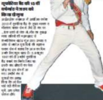
यूफोरिया बैंड की 15 वीं वार्षिक बैठक में आयोजित की गई प्रतियोगिताओं में भागीदारी की।
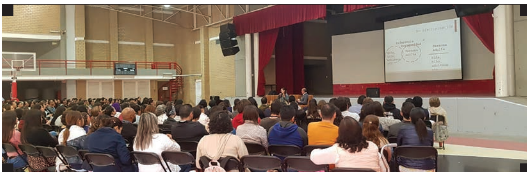
▪ Jornada de Masculinidades en el Instituto LUX, León, Guanajuato ▪
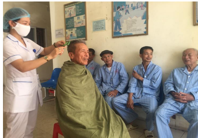
Cắt tóc giúp người bệnh
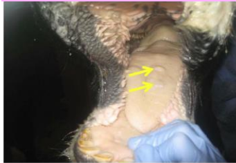
舌の水疱(初期)(ホルスタイン種)
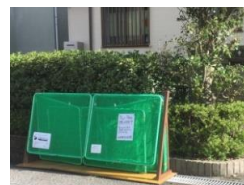
No.40(88, 90街区) 9/5~9/16
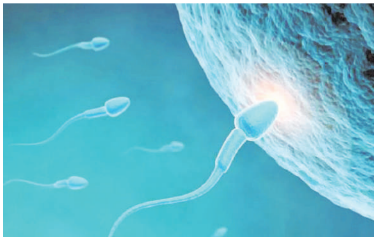
El análisis se realizó con más de 900.000 adultos de entre 30 y 45 años.

El grupo de Sørensen anotó que investigaciones anteriores han encontrado vínculos entre la contaminación atmosférica local y la calidad del espermatozoide, además de unas tasas de éxito tras los tratamientos de fertilidad.
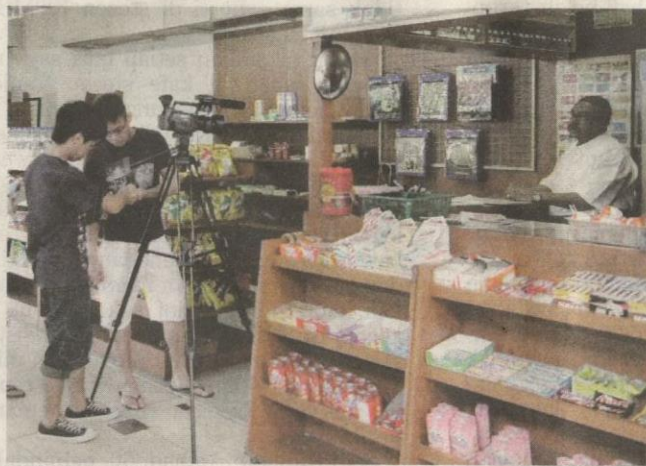
STESEN ini mendapat liputan luar biasa bukan sahaja daripada media tempatan malah pengamal media antarabangsa.

Penulis masih berdiri di tangga kereta api sehingga wajah stesen lenyap daripada pandangan. Selepas Pulau Batu Putih, pelabuhan Tentera Laut Diraja Malaysia (TLDM) di Woodlands dan Istana Kampung Gelam di tengah bandar Singapura yang pesat, kita kehilangan Tanjong Pagar. Seperti harapan rakyat negara ini semoga Singapura tidak memadamkan sejarah stesen Tanjong Pagar seperti terpadamnya sejarah Temasik.
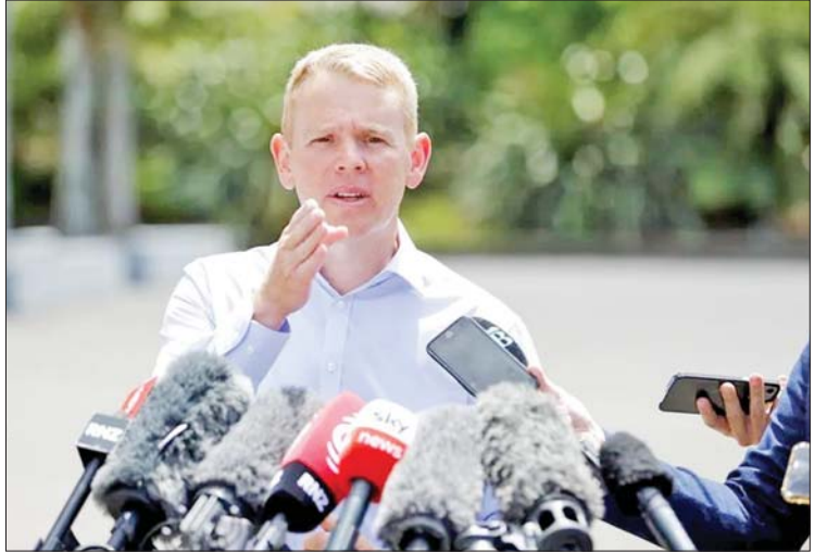
ခရစ်ဟစ်ကင်းစ်သည် အောက်တိုဘာလ ရွေးကောက်ပွဲမတိုင်မီ မဲဆန္ဒရှင် များ၏ ထောက်ခံမှုကိုရရှိရန် ကြိုးပမ်း သွားမည်ဖြစ်ကြောင်း သိရသည်။ ကိုးကား- အင်န်အိတ်ချ်ကေ ဘာသာပြန်- အောင်ကျော်ကျော်

ကောင်းမွန်စွာ ကိုင်တွယ်ဖြေရှင်းပေး ခဲ့သည့်အတွက် ချီးကျူးစကားဆိုခဲ့သည်။ အသက် ၄၄ နှစ်အရွယ် ခရစ်ဟစ် ကင်းစ်သည် ၂၀၀၈ ခုနှစ်တွင် ပါလီမန်တွင် ပညာရေးဝန်ကြီးအဖြစ် ပထမဆုံး ရွေးချယ်ခံခဲ့ရသည်။ ၂၀၂၀ မှ ၂၀၂၂ ခုနှစ်အထိ ၎င်းသည် ကိုဗစ်-၁၉ ရောဂါ တုံ့ပြန်ရေးဝန်ကြီးအဖြစ် ဝန်ကြီးချုပ် အာဒန်နှင့်အတူ ကပ်ရောဂါကို ထိန်းချုပ် ရန် ကြိုးပမ်းဆောင်ရွက်ခဲ့သည်။ နိုင်ငံအတွင်း ငွေကြေးဖောင်းပွမှုနှင့် ရာဇဝတ်မှုများ မြင့်တက်လာခြင်းကြောင့် ဝန်ကြီးချုပ်အာဒန်၏ အစိုးရအဖွဲ့အတွက် စိန်ခေါ်မှုများ မြင့်တက်လျက်ရှိသည်။

WORK INSTRUCTION = Find every line in the records above that holds the word "entre", and copy each one.

OUTPUT FOR THIS TASK =
El análisis se realizó con más de 900.000 adultos de entre 30 y 45 años.
El grupo de Sørensen anotó que investigaciones anteriores han encontrado vínculos entre la contaminación atmosférica local y la calidad del espermatozoide, además de unas tasas de éxito tras los tratamientos de fertilidad.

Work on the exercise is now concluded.